Raw data:

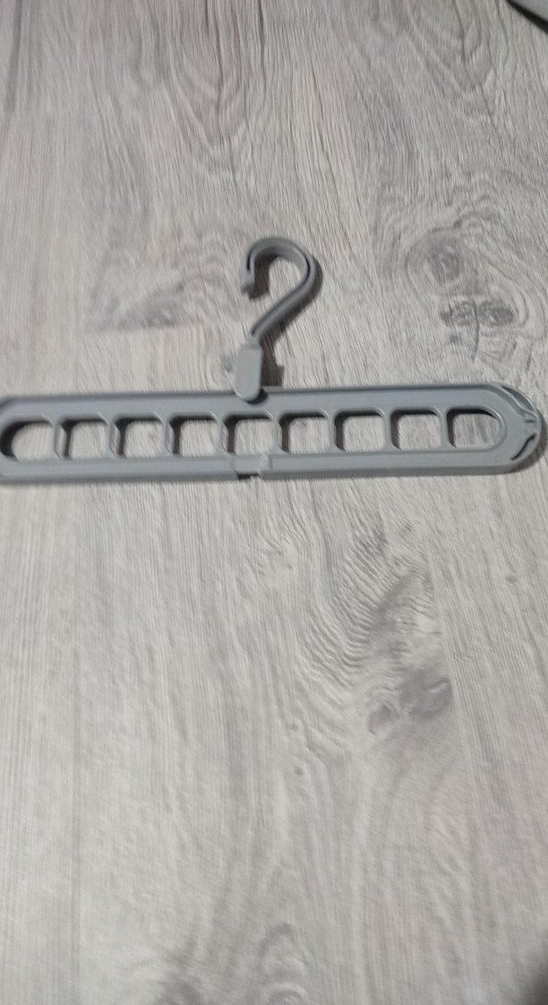 Gri renkte, birden fazla kıyafeti asmaya uygun çoklu askı. Dolap alanı tasarrufu sağlar.
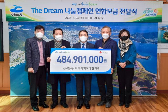 [È£³²´º½º¶óÀÎ = ¼ÀºÈ« ±âÀÚ] ¿©¼ö½Ã 27°³ À¾¸éµ¿Áö¿ª»çȸº¸ÀåÇùÀÇü(À§¿øÀå ÇÑ¿Áõ)´Â Áö³ 24ÀÏ ½ÃÀå½Ç¿¡¼ Áö³ ÇÑ ÇØ µ¿¾È ¸ð±ÝÇÑ 4¾ï 8,490¸¸ ¿øÀÇ ¿¬ÇÕ¸ð±Ý ÈÄ¿øÁõ¼¸¦ ¿©¼ö½Ã¿¡ Àü´ÞÇß´Ù°í ¹àÇû´Ù.
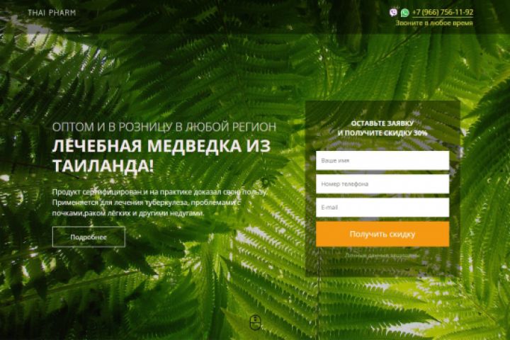 Яркиий Landing-Page разработан для компании Thai Pharm, прост и удобен для пользователя. Использование Bootstrap, Gulp, SCSS, Jquery, HTML5, CSS3, PHP, JS. Форма отправки данных, PHP. Desktop, планшет и мобильная версия.
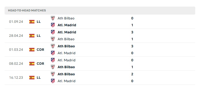 Lịch sử đối đầu Atletico Madrid vs Athletic Bilbao
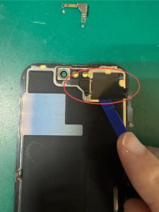 9.画面の裏側にある赤丸部分のフロントセンサーケーブルを外します。
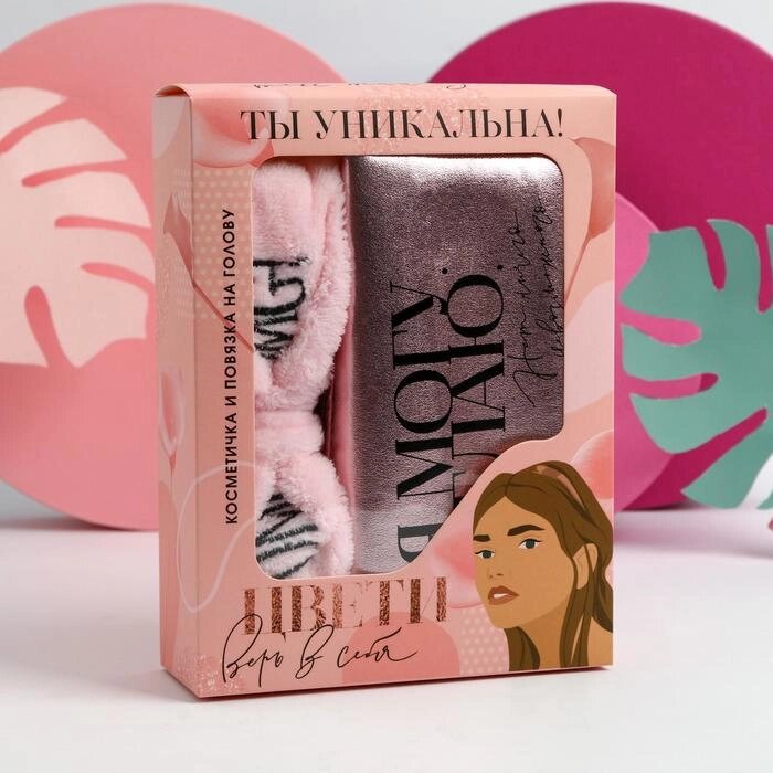 Набор "Верь в себя! стильная косметичка и повязка на голову

Exercise objective: What is needed is an exact restatement of the lines from the line with "ÈÄ¿øÁõ¼¸¦ ¿©¼ö½Ã¿¡ Àü´ÞÇß´Ù°í ¹àÇû´Ù." through the final line of the data, pictures excluded.

Answer section:
 [È£³²´º½º¶óÀÎ = ¼ÀºÈ« ±âÀÚ] ¿©¼ö½Ã 27°³ À¾¸éµ¿Áö¿ª»çȸº¸ÀåÇùÀÇü(À§¿øÀå ÇÑ¿Áõ)´Â Áö³ 24ÀÏ ½ÃÀå½Ç¿¡¼ Áö³ ÇÑ ÇØ µ¿¾È ¸ð±ÝÇÑ 4¾ï 8,490¸¸ ¿øÀÇ ¿¬ÇÕ¸ð±Ý ÈÄ¿øÁõ¼¸¦ ¿©¼ö½Ã¿¡ Àü´ÞÇß´Ù°í ¹àÇû´Ù.
 Яркиий Landing-Page разработан для компании Thai Pharm, прост и удобен для пользователя. Использование Bootstrap, Gulp, SCSS, Jquery, HTML5, CSS3, PHP, JS. Форма отправки данных, PHP. Desktop, планшет и мобильная версия.
 Lịch sử đối đầu Atletico Madrid vs Athletic Bilbao
 9.画面の裏側にある赤丸部分のフロントセンサーケーブルを外します。
 Набор "Верь в себя! стильная косметичка и повязка на голову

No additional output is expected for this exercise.